Los visitantes 3: Viernes social, con carnitas

Algunas crónicas de veladas con amigos enómanos bien podrían limitarse a las fotos, dejando enteramente redundantes mis textos. Esta bien podría ser una de ésas. O no.

Cuando SFJoe te invita a su casa, si tiens claras tus prioridades lo prudente cancelar lo que tuvieras en agenda y comparecer. Siempre le esperan a uno vinos extraordinarios para acompañar la espectacular cocina de mi amigo, uno de los cocineros no profesionales a los que más admiro.

Pero esta vez la invitación era a probar la cocina de una chef invitada. Joe no cede su cocina a todo el mundo, o sea que algo tremendo tendría que ser. Y resultó que Josefa Concannon, aparte de crear sublimes platillos, es una persona encantadora—de las que te vivifican doblemente, a base de arte culinario y personalidad. Después del jueves más deliciosamente largo de mi vida enochalada, el viernes venía con mucho, mucho de generoso.

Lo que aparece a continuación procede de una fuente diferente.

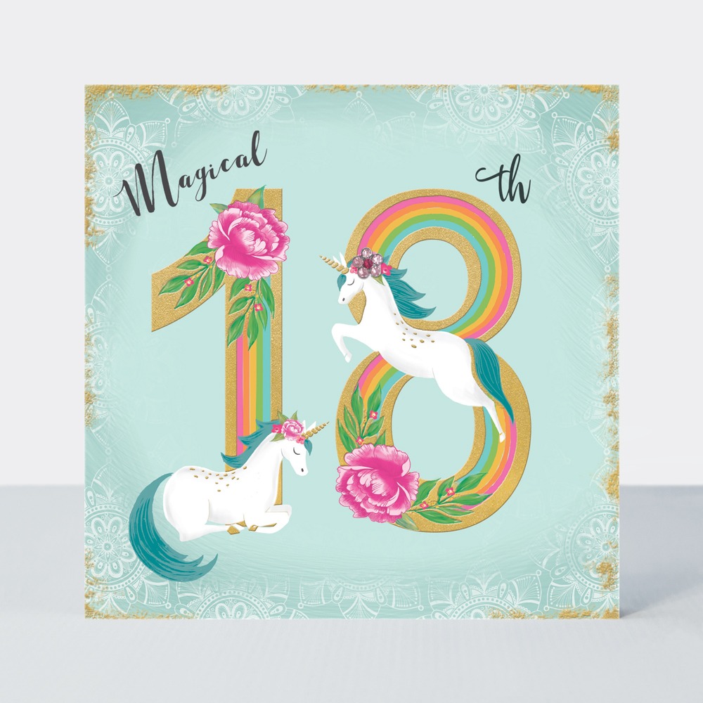 A beautiful, luxurious 18th birthday card. This milestone card in a pretty unicorn design is finished with lashings of detailed gold foil and a pretty gem-encrusted flower attachment. Supplied with a pink envelope.
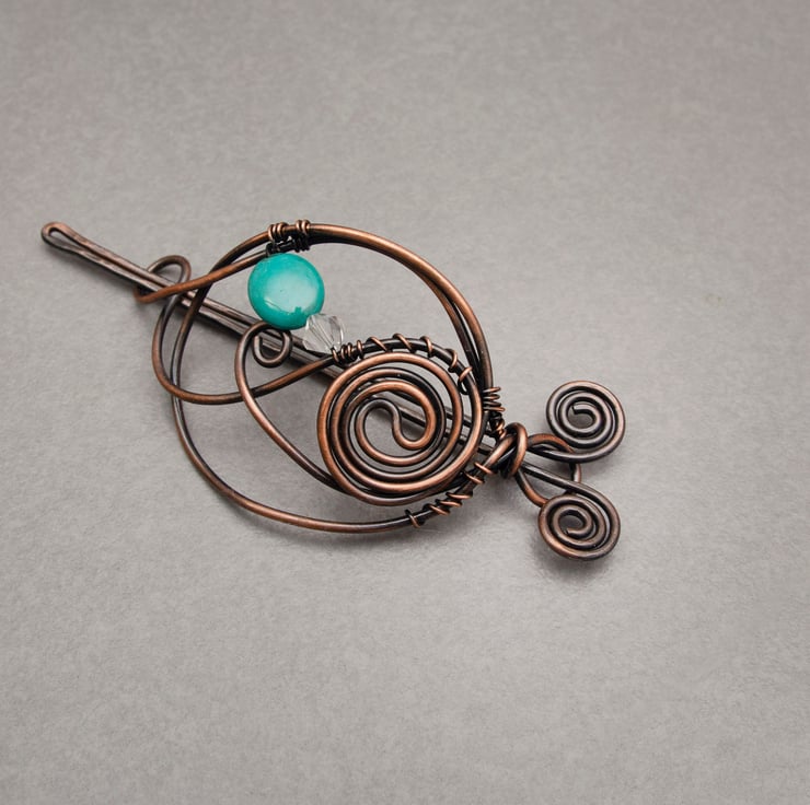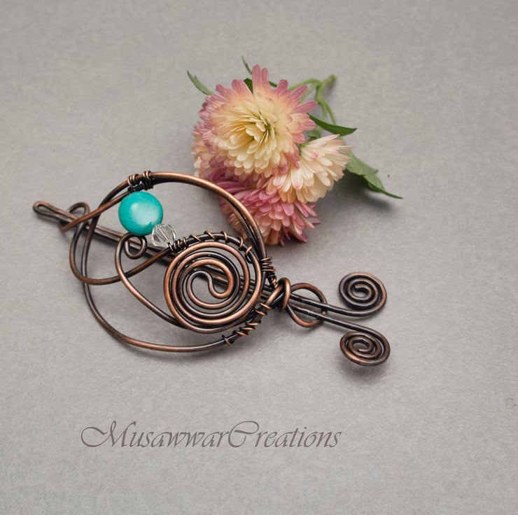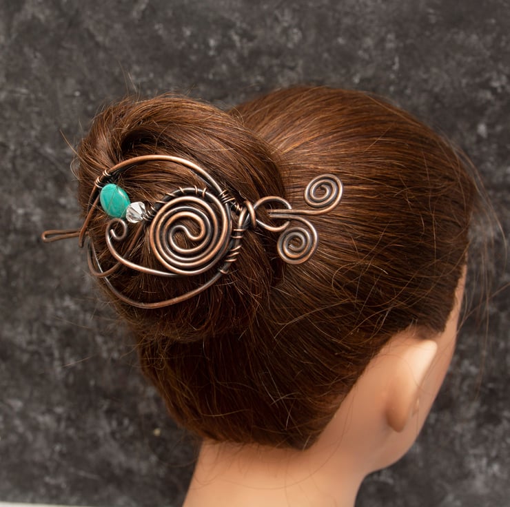 The spiral is elegantly wrapped with a turquoise agate gemstone (approx. 18x13mm), adding a pop of vibrant color and natural beauty. The rich tones of antique copper paired with the calming blue-green hue of turquoise create a stunning accessory that complements any outfit or occasion
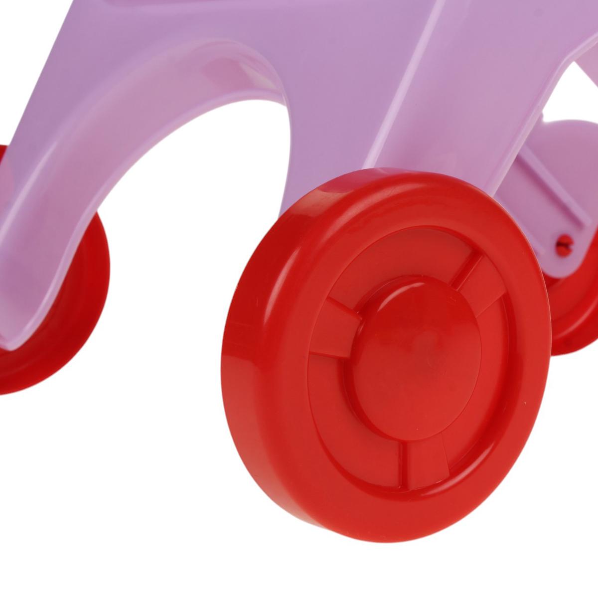Конструкция включает прочный каркас, удобную ручку для передвижения и устойчивые колеса диаметром 9 см, обеспечивающие мягкое катание по любой поверхности. Использованный материал — безопасный пластик, не содержит вредных веществ, полностью соответствующий нормам для игрушек для детей 3+.
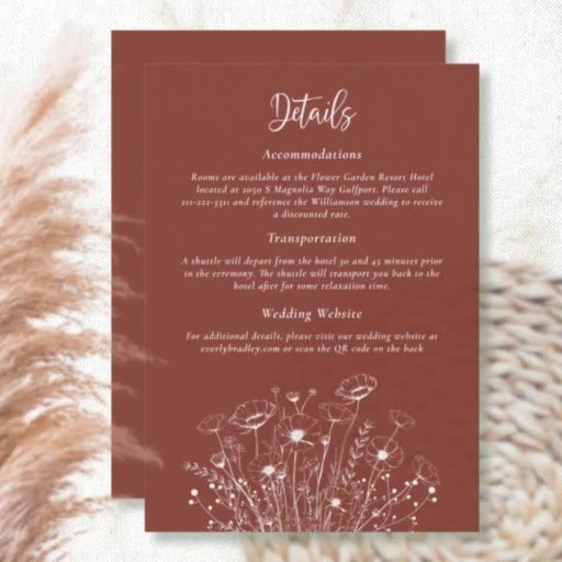 Diese Terrakotta- und weiße Umschließkarte bietet alle Details für Ihre Gäste. Die fett-weiße Schrift und die weißen Wildblumen schaffen ein elegantes Motto für Ihren Hochzeitstag. Alle Informationen können individuell angepasst werden und ein QR-Code auf der Rückseite steht Ihren Gästen zur Verfügung, um mehr Informationen auf Ihrer Website zu sehen
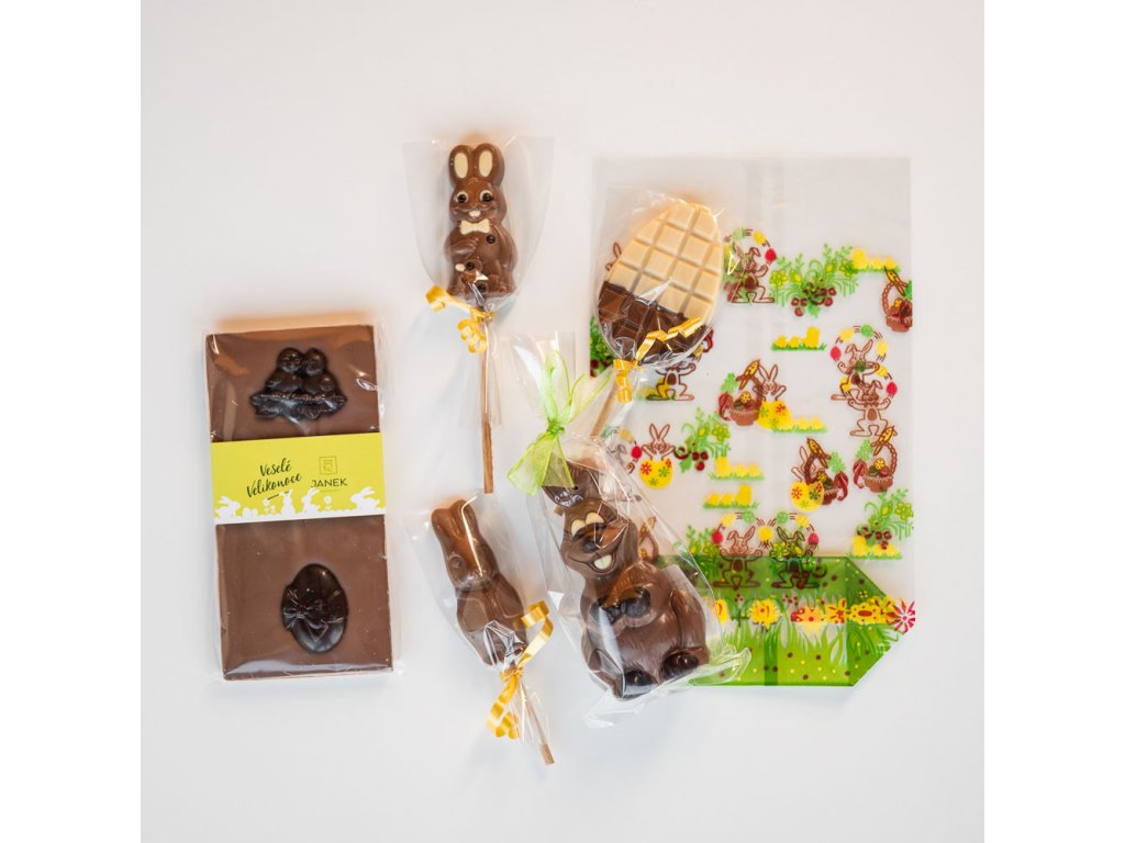 Čokoládová figúrka (12 cm) zajačika, 3x lízanky s mliečnou, bielou a horkou čokoládou, tabuľka mliečnej čokolády s figúrkami.
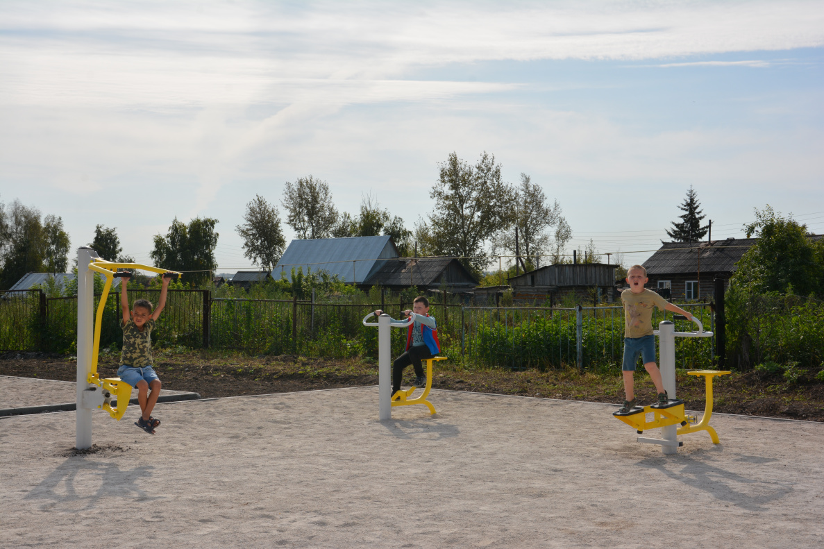 Юные жители села Гоньба получили в подарок современную детскую площадку
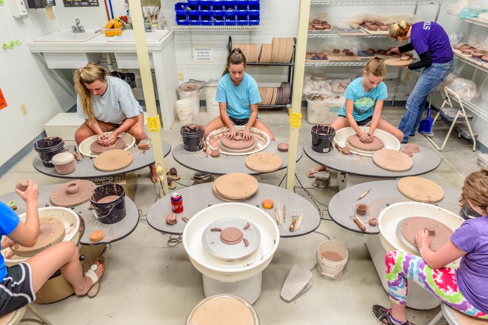 Club members may use the facility, wheels, equipment, & tools when classes are not in progress. Electric throwing wheels, throwing and modeling tools, North Star Big Blue hand extruder, and a wide variety of glazes are available for club use. To enroll, participants must have taken at least one Pottery/Throwing class at the Center for Arts & Crafts and go through an orientation with the supervisor or Pottery Coordinator. Participants must purchase clay at the facility for $25 per 25 lb. bag. We strive to provide top quality materials and services to our members and students. Due to the nature of firing and the community center environment, bisque and glaze pottery results cannot be guaranteed. The Center for Arts & Crafts and the City of Greenville are not liable for any kiln firing issues. Check the current brochure for class times. Calendars are also posted at the Center for Arts & Crafts and on Facebook @JayceeParkArts. Please contact Facility Supervisor, Sara Caropreso Ford for more information.
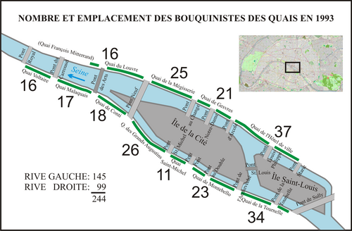 Prema podatcima iz 1993. godine, ukupno 244 štanda bukinista u Parizu raspoređeni su na naspramnim obalama rijeke Seine (slika desno), od mosta Pont de Sully do mosta Pont Royal, u dužini 2 km na lijevoj i 1,5 km na desnoj obali. Štandovi su u stvari "zelene kutije" postavljene na parapetima duž kejeva.
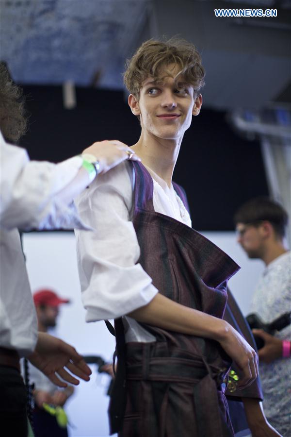 MILAN, June 20, 2016 (Xinhua) -- A model gets changed backstage before Vivienne Westwood men's Spring-Summer 2016-2017 collection, part of the Milan Fashion Week in Milan, Italy, on June 19, 2016. (Xinhua/Jin Yu)
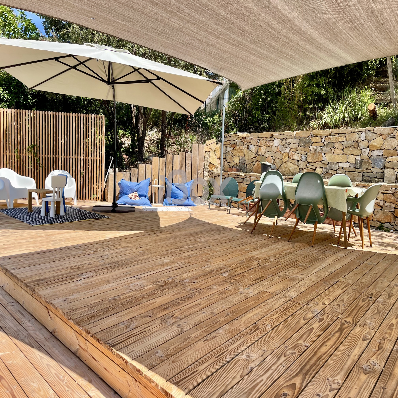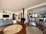 Cette maison est composée au premier niveau d'une belle cuisine ouverte sur un double salon séjour donnant sur une grande terrasse ensoleillée, deux chambres, une salle de bains avec douche et baignoire, et wc séparés.
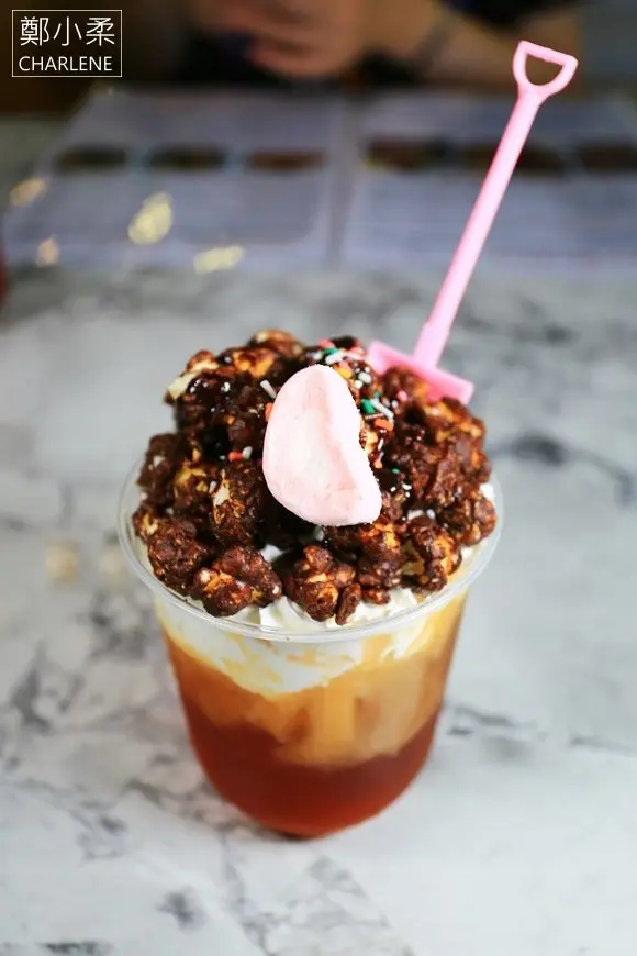 飲品最底層是現泡紅茶,中間為香甜的鮮奶油,上層是巧克力爆米花,
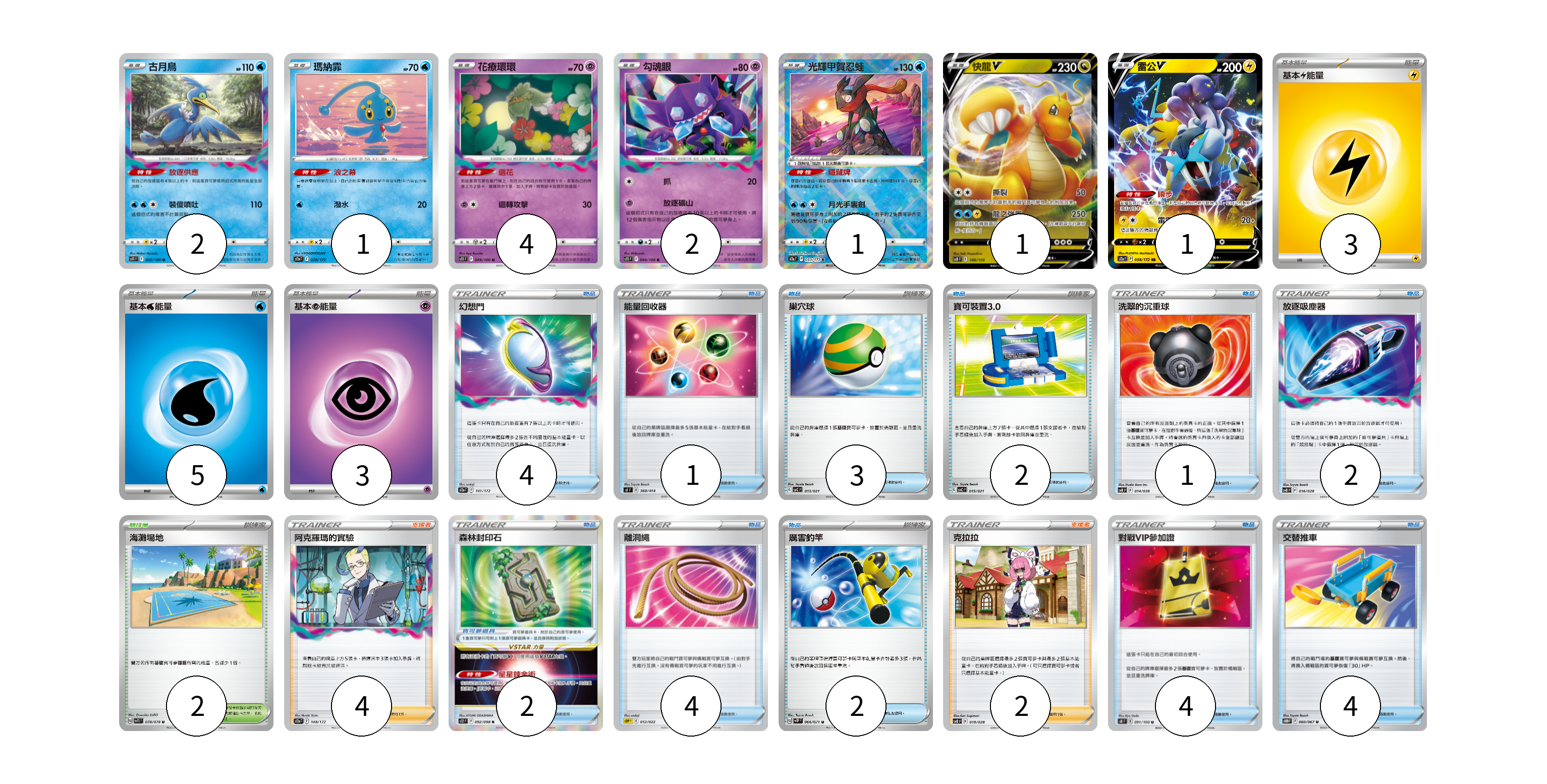 牌組構築方案 以此牌組為基礎新構築牌組 顯示卡面 顯示列表 寶可夢卡(12) 2 1 4 2 1 1 1 寶可夢道具(2) 2 物品卡(27) 4 1 3 2 1 2 4 2 4 4 支援者卡(6) 4 2 競技場卡(2) 2 能量卡(11) 3 5 3 寶可夢卡(12) 卡牌名稱 張數 卡牌名稱 張數 古月鳥 S11 033/100 02 瑪納霏 S12a 029/172 01 花療環環 S11 049/100 04 勾魂眼 S11 044/100 02 光輝甲賀忍蛙 S12a 033/172 01 快龍V SCD 108/159 01 雷公V S12a 038/172 01 寶可夢道具(2) 卡牌名稱 張數 卡牌名稱 張數 森林封印石 S12 092/098 02 物品卡(27) 卡牌名稱 張數 卡牌名稱 張數 幻想門 S12a 141/172 04 能量回收器 SI 368/414 01 巢穴球 SVC 013/021 03 寶可裝置3.0 SVC 015/021 02 洗翠的沉重球 SVB 014/028 01 放逐吸塵器 SVB 016/028 02 離洞繩 SDP 012/022 04 厲害釣竿 SV2P 066/071 02 對戰VIP參加證 S8 091/100 04 交替推車 S10D 060/067 04 支援者卡(6) 卡牌名稱 張數 卡牌名稱 張數 阿克羅瑪的實驗 S12a 148/172 04 克拉拉 SVB 019/028 02 競技場卡(2) 卡牌名稱 張數 卡牌名稱 張數 海灘場地 SV1S 078/078 02 能量卡(11) 卡牌名稱 張數 卡牌名稱 張數 基本【雷】能量 SVC LIG 03 基本【水】能量 SVB WAT 05 基本【超】能量 SVB PSY 03 以此牌組為基礎新構築牌組 牌組編碼 ejnYBV-GKQwmB-XlpNpg copy 列印牌組單 牌組編碼已複製 分享至SNS

Todo fue perfecto, desde los impecables crudités con limón y sal, las salsas y unas carnitas históricas y unos frijoles inolvidables (descubrí la hoja de aguacate como ingrediente para frijoles negros; en mi receta cubana de siempre he usado laurel, pero ha llegado la hora de experimentar, hibridizar, mexicanizar…)  Ah, bueno, y no diré nada del chicharrón. Nunca experimenté tanto placer jugando con mi colesterol.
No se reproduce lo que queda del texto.